I'm sitting at my laptop, wanting to write a post about my daughter who turned 3 last week. All the sweet awwww-inspiring things. And nothing, nothing, comes to mind. Mommy guilt strikes hard as I think about the eloquent prose I churned out when Ads turned 3.
This happened just a couple of days ago. I gave up and saved the post as a draft, knowing that the words would come later.
I've found this time and again, that the sense of wonder, of surprises waiting around every corner, the sense of accomplishment that I had with Ads - these do apply to Y as well, just in a highly diluted form. Or put it another way, been there, done that. With Ads, one exclaimed over every new achievement and felt the same upsurge of emotion in the heart. With Y, one still exclaims (!) but in the heart, we just take it in our stride. She was also always a little more advanced for her age than Ads, who always did things bang on time, not a week less, nor a month more. We still call him our babycenter baby because he used to hit his milestones just around the same time that babycenter sent us a mail telling us to expect that particular milestone :) Because she was so precocious, we got used to her punching above her weight. I often think we have been so unfair. We expect her to do more than she should. But when she does, we never give her the credit for it!

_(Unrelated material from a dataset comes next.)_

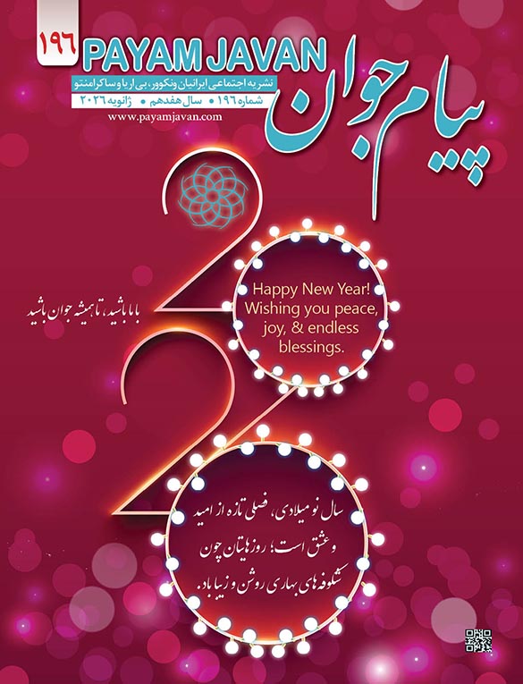 برای بیش از ۱۵ سال، "پیام جوان" پلی بین میراث و سنتهای غنی ایرانی و چشم انداز فرهنگی و پویای فارسی زبانان بی اریا و ساکرامنتو بوده است. هر شماره برای شما داستان ها، اخبار، و بینشهایی را در مورد زندگی فارسی زبانان آمریکایی و کانادایی ارائه میدهیم و از مشارکت شما در جامعه و در عین حال حفظ هویت فرهنگی خود تجلیل میکنیم.
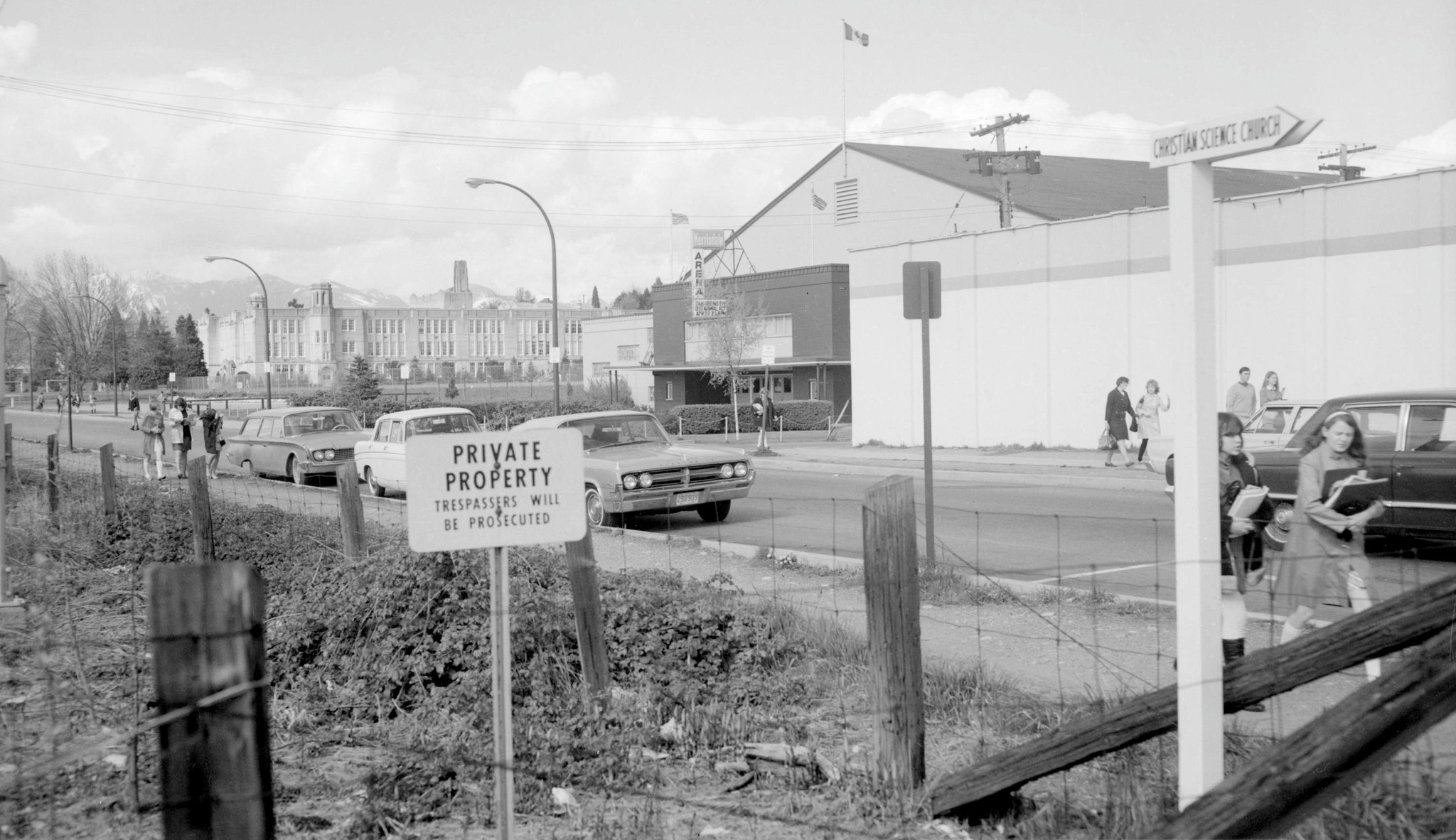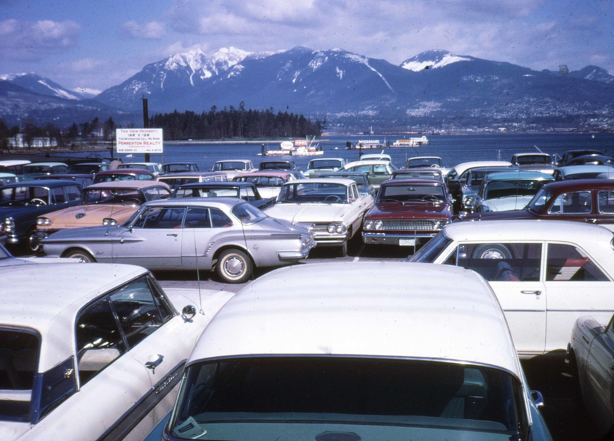 Vancouver, by the file name appears to be February 1964. A tightly packed parking lot with a lot to see, zooms nicely:

Anyway, our 3 year old has been going through some personal crises lately. I had blogged earlier how she was going to school quite happily and with no fuss . But then there was the kid who was hitting her, pulling off her glasses etc and she got petrified of encountering him in class. That matter got sorted out after a chat with the teacher but Y continued to dissolve into tears every time her school van came to pick her up, and sometimes even in school. She went off her food and became very quiet and withdrawn, not even playing with her friends in the complex. This continued for about a month. Over the last few days, there has been some improvement. She is eating a lot better, starting to be more social, less clingy, and so on. I was telling one of my friends that Y is passing thro some 'phase' and she promptly said "Yaar, mujhe in phases se bahut dar lagta hai!" (Translation: These phases scare me!)
Another thing that is putting her off school is the language barrier. Tamil is her strongest language and she cannot communicate anywhere at that level of fluency in either English or Hindi, although she is slowly learning both. I've seen Ads encounter the same problem in his school in the US, where he was one of the few kids who knew very rudimentary English when starting off. So I am confident Y will vault over this particular barrier sooner rather than later.
My daughter is affectionate (VERY affectionate), very stubborn (wonder where she got THAT from? :)), very bright. She loves dancing, singing, playing the fool, reading, spicy food, especially Punjabi food, nice clothes, handbags, shoes, hairclips and bangles! In short, all the things that make life so pleasurable! She absolutely loves to go out, an area where she is diametrically opposite to my homebody son. She has an amazing zest for life, or as she puts it "I like masti!"
If there is one thing I wish for you, girl, it's this. May the masti never end.